Probably doesn't help you much, but those static-like noises can often be easy, but can sometimes be very tricky.

It's probably the aliens. They know I'm there if I'm turning up the stereo...


----------



## PhotonWrangler (Apr 24, 2013)

tjswarbrick said:


> Last time I replaced the tubes, the problem went away for about a month - then came back.



Have you tried spraying the tube sockets? I'm also wondering if there's a cold solder joint on one of the pins on the socket.


----------



## tjswarbrick (Apr 25, 2013)

PhotonWrangler said:


> Have you tried spraying the tube sockets? I'm also wondering if there's a cold solder joint on one of the pins on the socket.



Yes. Didn't mention that, but I sprayed them along with the pots when I first noticed the noise. I re-installed the same tubes, and it made no difference.
Also, This is my 4th set of tubes (1 set was so microphonic I had to pull 'em right out.) None of the others cleared up the issue at all, though iirc one set did make it seem worse.
Cold solder joint? No idea. Not even sure how to check. I'm sure not taking the socket out, but I can crack the cover again and take another look around.
It's an Audible Illusions Modulus 3A. He's no longer making them. A local record/HiFi shop offered to have a look at it, but they wanted to replace just the defective pot with the "current" Alps version -which I don't think is the right approach.
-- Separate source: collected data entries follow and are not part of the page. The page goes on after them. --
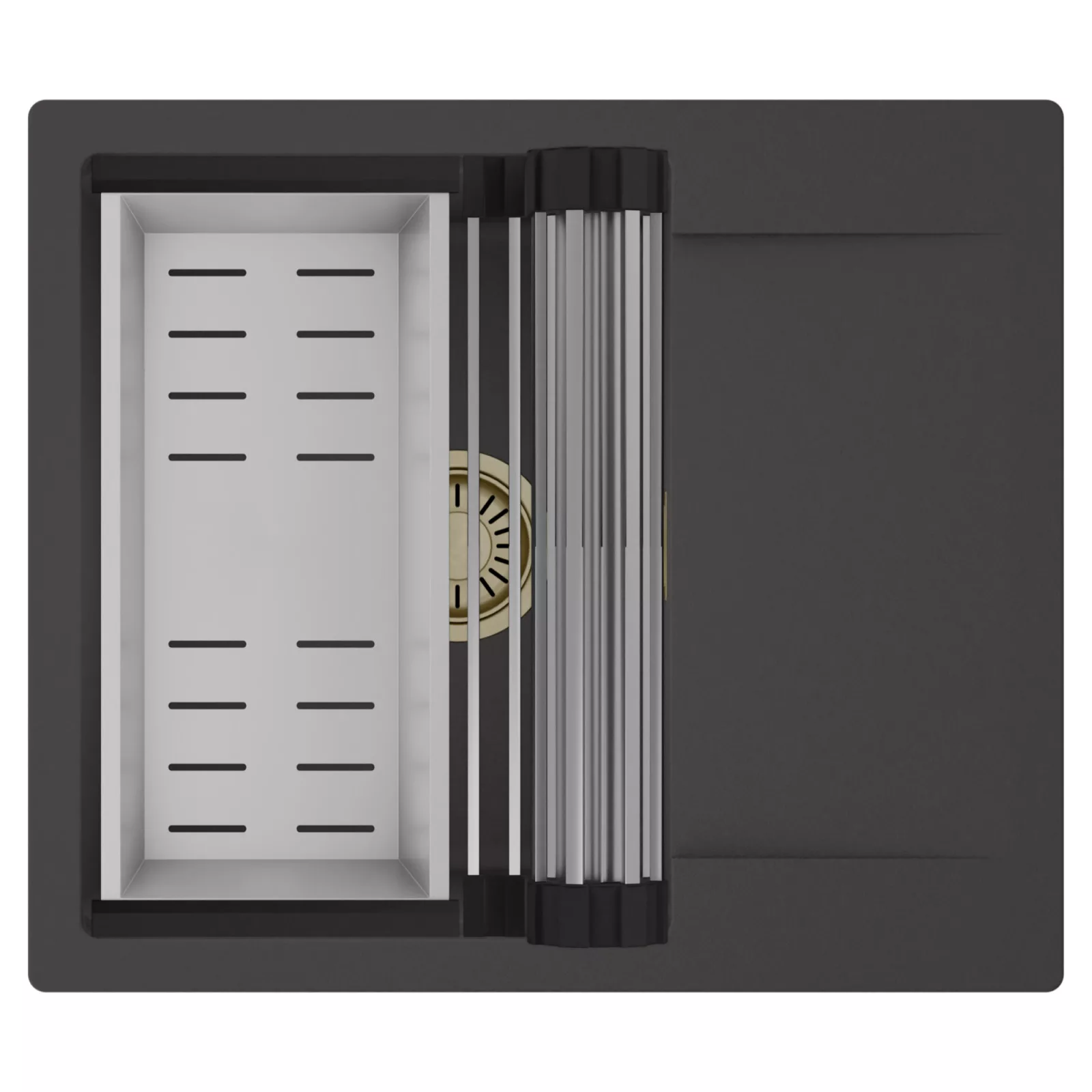 HD Onyx 58 egymedencés mosogatótálca szett, csepegtetőráccsal és kosárral, matt antracit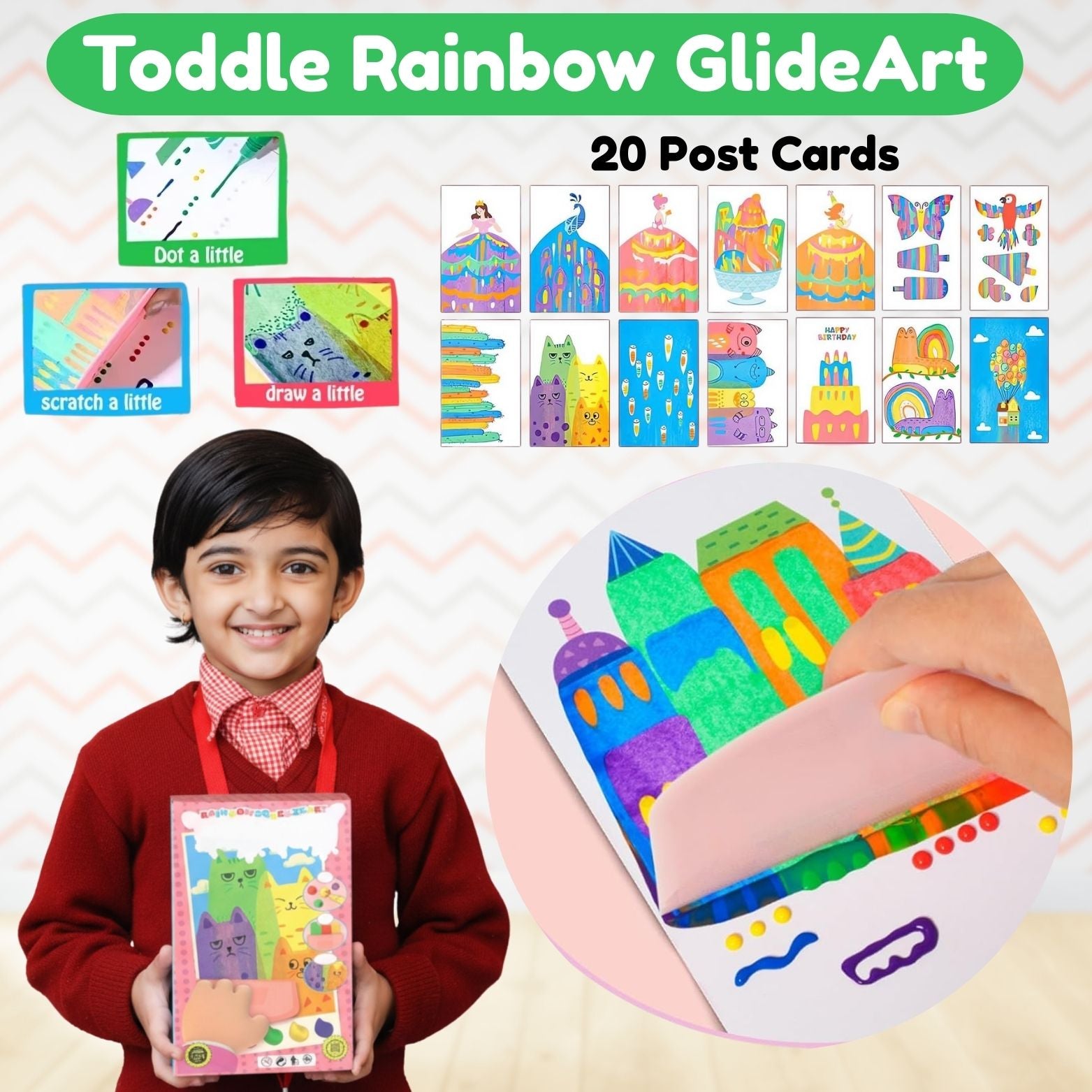 Toddle Rainbow GlideArt helps kids express themselves through vibrant, mess-free art. Instead of messy paints and brushes, they simply squeeze and glide to create stunning rainbow effects that build confidence and spark imagination.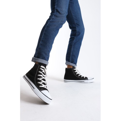 JY0423 AXE Bağcıklı Keten Kumaş Erkek Günlük Sneaker Ayakkabı KBT - Siyah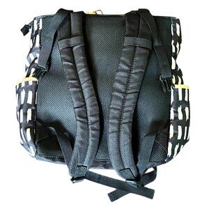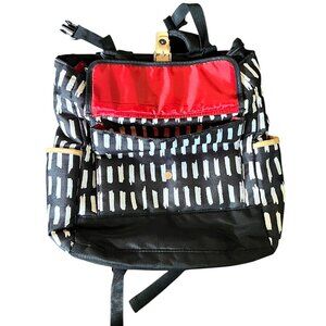 A.D. Sutton & Sons Black, White and Red Patterned Diaper Backpack Bag with Two Interior Insulated Pockets and One Zippered and One Open Interior Pocket; One Exterior Front Pocket and Two Exterior Side Pockets for Bottles
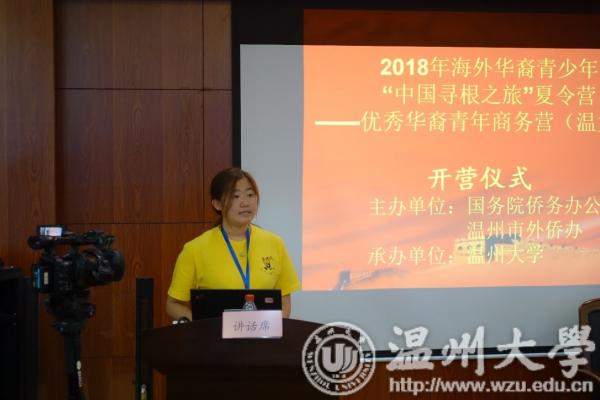来自西班牙的营员诸葛茜茜作为营员代表发言。她是一位生长于西班牙的华裔,13年的中文学习让她对中国文化产生了浓厚的兴趣。在发言中她用流利的汉语向主办方表达了感谢,也表达了自己对此次夏令营的期望,她希望能与来自各国的营员互动交流,呼吁大家相互帮助,相互学习,学到商务知识,更要认识中国、认识温州,体验中国文化。她的发言说出了广大营员们的心声。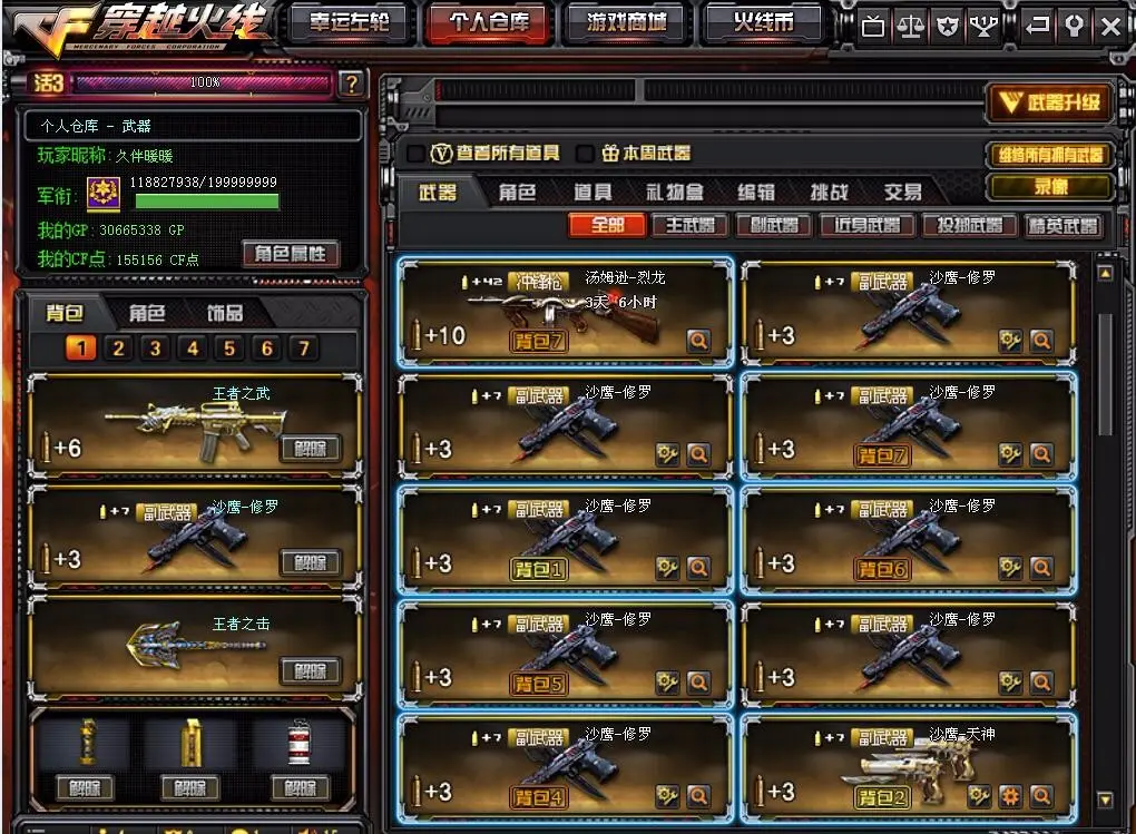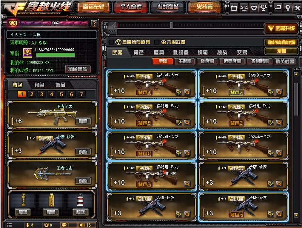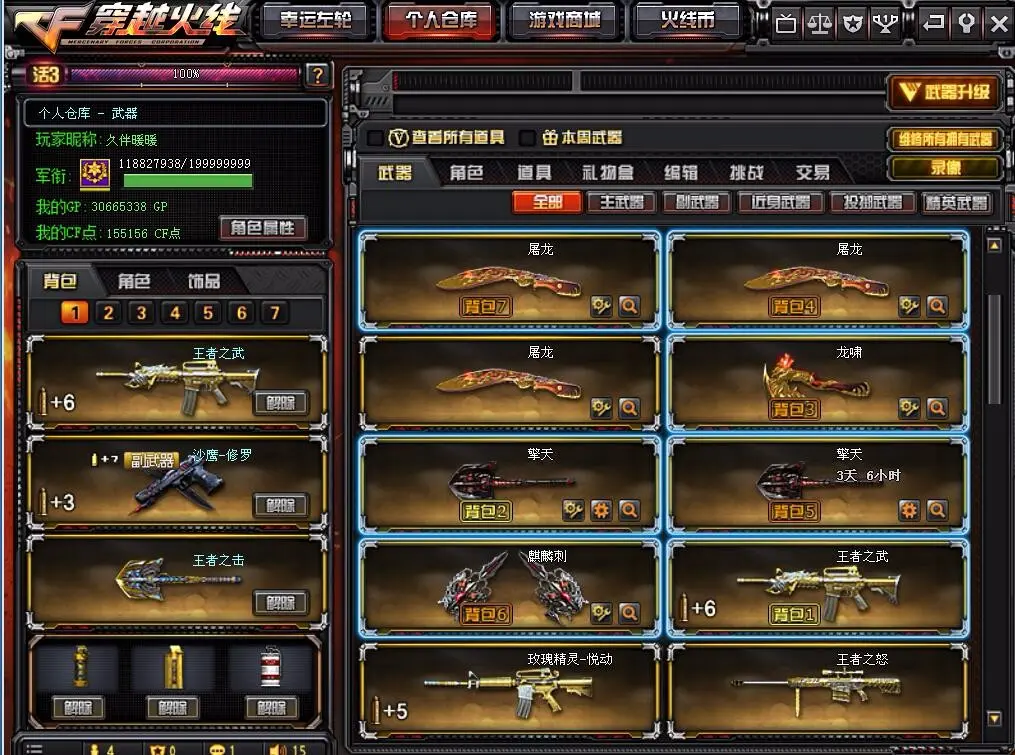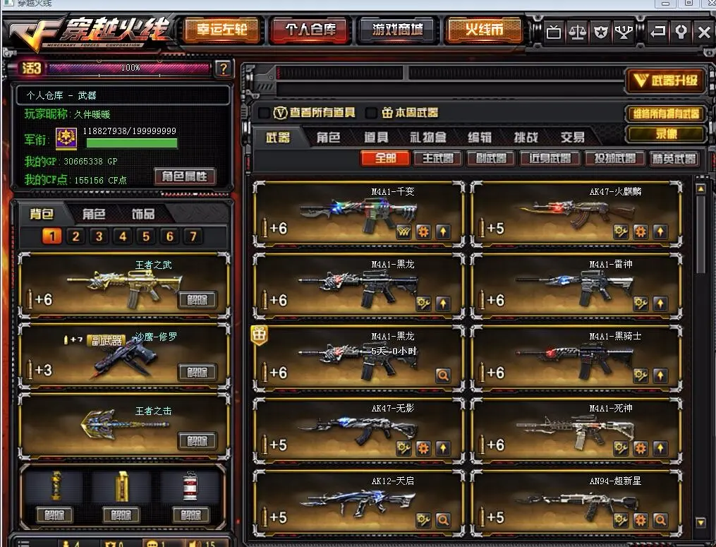 本游戏账号:英雄武器37个; 王者武器4个。 装备不多,但是主武器、副武器、近身武器够用 拥有完美游戏体验。重要的是,特殊装备有:M4A1-玫瑰精灵、AK47-火麒麟、麒麟刺、玫瑰精灵-悦动、王者之武、王者之怒、王者之击、堕天使、等,随意畅选。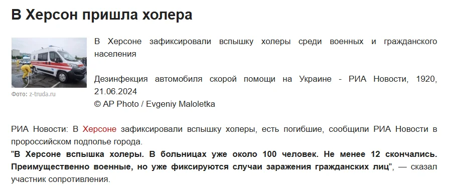 «Спалах холери» в Херсоні минулого року. Скриншот з сайту «БеZ Формата». Червень 2024 року.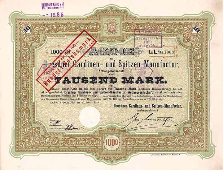 | Vorheriges Los | Zurück | Nächstes Los | | Losnr.: | 230 (Deutschland) | | Titel: | Dresdner Gardinen- und Spitzen-Manufactur AG | | Auflistung: | Aktie Lit. L 1.000 Mark 20.1.1921 (Auflage 4000, R 7). | | Ausruf: | 80,00 EUR | Ausgabe- datum: | 20.01.1921 | Ausgabe- ort: | Dresden | | Abbildung: |  | | Stücknr.: | 11904 | | Info: | Die Dresdner Kaufleute Karl Siegel und Georg Marwitz, die in Johannstadt bereits eine Bleicherei- und Appretur-Anstalt betrieben, gründeten 1884 diese AG. Der Betrieb in Dresden-Johannstadt auf der Arnold-/Blumenstraße webte nicht nur Gardinen, Spitzen, Tülle, Dekorations- und Gobelinstoffe, sondern besaß auch eine Textildruckerei, Appretur und Färberei. Die Firma expandierte ständig, deshalb 1898 Bau einer neuen Fabrik in Groß-Dobritz an der Eisenbahn Dresden-Pirna. Durch Übernahmen wurde das Unternehmen später die GRÖSSTE GARDINENFABRIK DES EUROPÄISCHEN KONTINENTS. So kamen hinzu: 1898 eine Gardinenfabrik in Warschau; 1909 eine Spitzenfabrik in Norwalk (USA); 1905 die Fa. Oertel & Co. Gardinen-, Spitzen- und Tüllweberei in Falkenstein i.V.; 1915 die Weißthaler Spinnerei AG in Mittweida; 1922 die AG für Gardinenfabrikation vorm. T. J. Birkin & Co. in Oelsnitz i.V.; 1927 die Fa. Meinhold & Sohn in Plauen i.V.; 1927 die N.V. Vitrage-Weverij en Tricotfabriek “Anglo-Holland” in Hilversum; 1929 die A. Glaser Nachf. AG in Penig. Beschäftigt waren zuletzt rd. 2.500 Menschen, exportiert wurde in die ganze Welt. Börsennotiert in Berlin und Dresden/Leipzig. Im 2. Weltkrieg überwiegend Produktion für Heereszwecke, deshalb schon 1945 auf SMAD-Befehl entschädigugslos enteignet. Bei Wiederaufnahme der Friedensproduktion im Jahr 1946 hatte die “Dregus” gerade noch 35 Beschäftigte, ein Jahr später bereits wieder über 1000. Bis Juli 1946 wurde der Betrieb dann von den Russen bis auf die letzte Schraube demontiert. Mit herbeigeschafften Reservemaschinen vogtländischer Textilbetriebe begann ein mühsamer Wiederaufbau. Zunächst landeseigener Betrieb, 1953 Zusammenlegung mit der Leipziger Spitzenfabrik und der Tüllfabrik Flöha zum VEB Tüllgardinen- und Spitzen-Werke Dresden VVB Deko. 1970 im Großbetrieb VEB Plauener Spitze aufgegangen. Ab 1990 von der Treuhandanstalt als “Dresdener Spitzen GmbH” weitergeführt.Die Mitarbeiterzahl schrumpfte beständig von 500 auf 70, der Liquidationsbeschluß war schon gefaßt, dann nahte Rettung: 1995 an einen Berliner Unternehmer privatisiert, heute die “Dresdner Gardinen- und Spitzenmanufaktur M. & S. Schröder GmbH & Co. KG”. | | Besonder-heiten: | Großformatiges Papier, sehr dekorativ gestaltet, umgestellt auf 100 RM. Lochentwertet (RB). | | Verfügbar: | R 7 | | Erhaltung: | VF | | Zuschlag: | offen |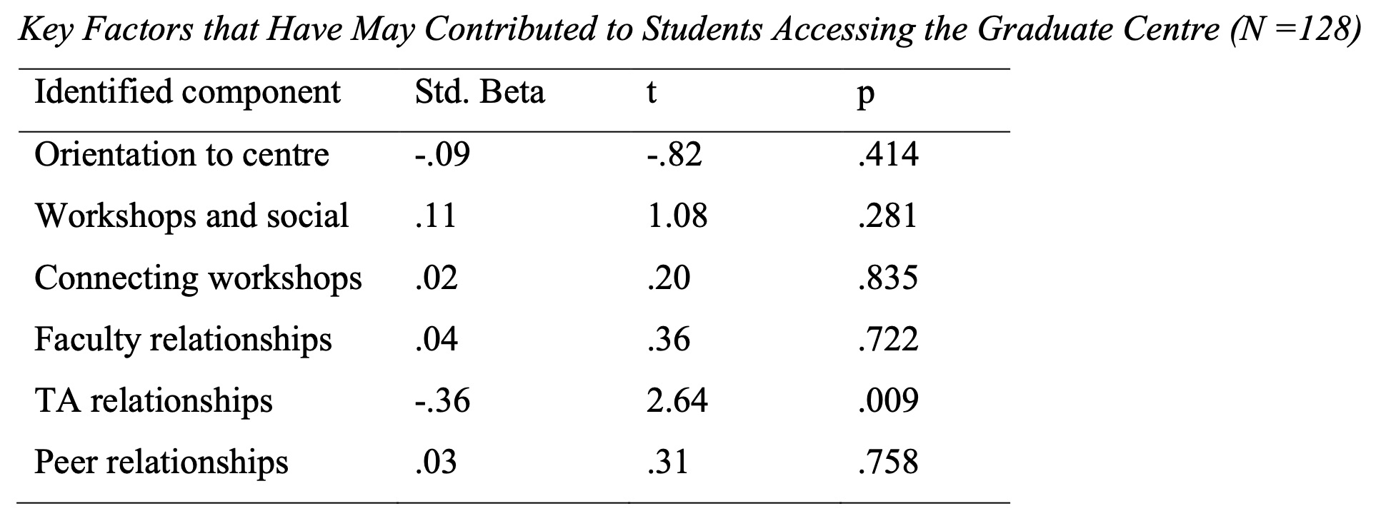 As Table 2 illustrates, the only factor that predicted if students would access the centre was their relationship with a teaching assistant. Significantly more international students accessed the centre than did domestic students. A statistically significant relationship was observed between domestic and international students in accessing the graduate centre (x2 = 26.67; p = < 0.001; df = 1).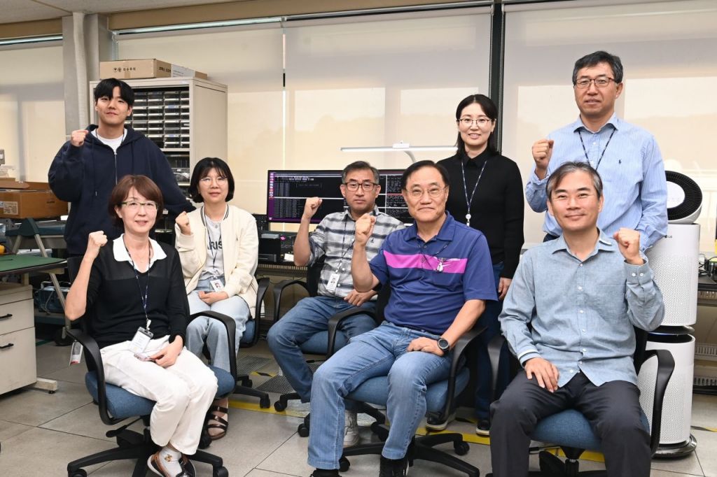 국내 최초 슈퍼컴퓨터용 가속기 칩과 계산노드를 개발한 연구진이 기념촬영을 하고 있다. 사진제공=한국전자통신연구원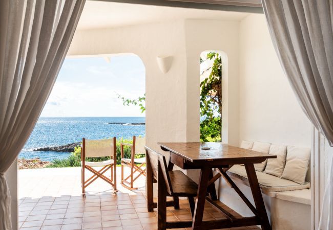 Immobilie in erster Reihe, etwa 10 Meter vom Meer entfernt. Der Strand von Binissafua ist 5 Gehminuten vom Haus entfernt und Binibeca 5 Autominuten. Die Dörfer Sant Lluís oder Sant Climent befinden sich 8 Autominuten entfernt.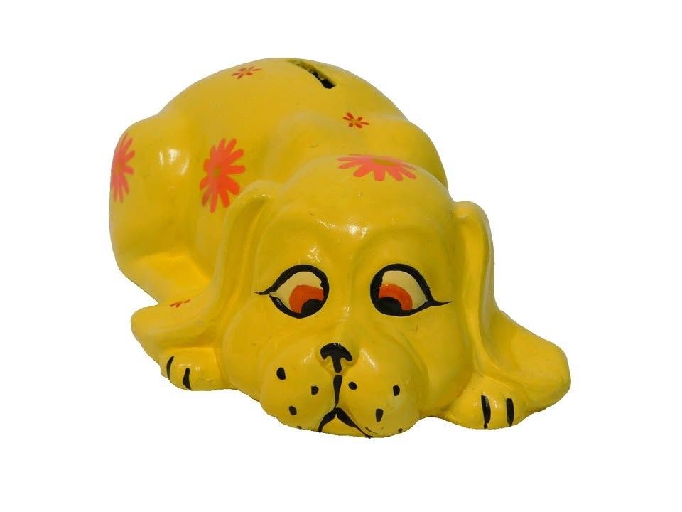 Vintage Retro EW Japan Ceramic 9" Yellow Laying Dog Puppy Bank Flower Plug 1960 $15 Shipping always available. Bright yellow pink flowered vintage retro 60's era dog bank, brown eye's with black outline, long ears flow down puffy cheeks. Minor paint chips on bottom from where he was lifted off the paint platform kiln, refer to pictures. Comes with plug that is a tad loose. Well potty trained, needs a home. Approximately 9"x5"x4" Well potty trained, needs a home.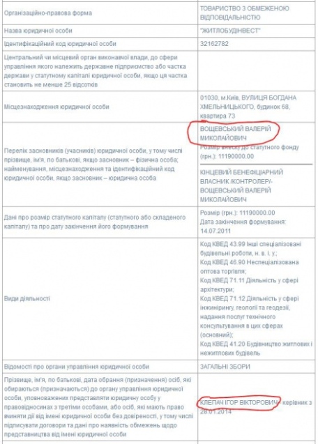 Учредителем ООО «Житлоинвестбуд» является вице-премьер-министр, член «Радикальной партии Олега Ляшко» Валерий Вощевский.

So I haven't let them touch it.


----------



## Backpacker Light (Apr 25, 2013)

mountaindewer said:


> might be dust



I have had some very good results eliminating that clicky static like noise by pulling the volume knob off, and spraying inside and behind, the best I could, with a can of simple "compressed air" used to clean electronics. 

Immediate improvement, so I wondered if it was not just dust.


----------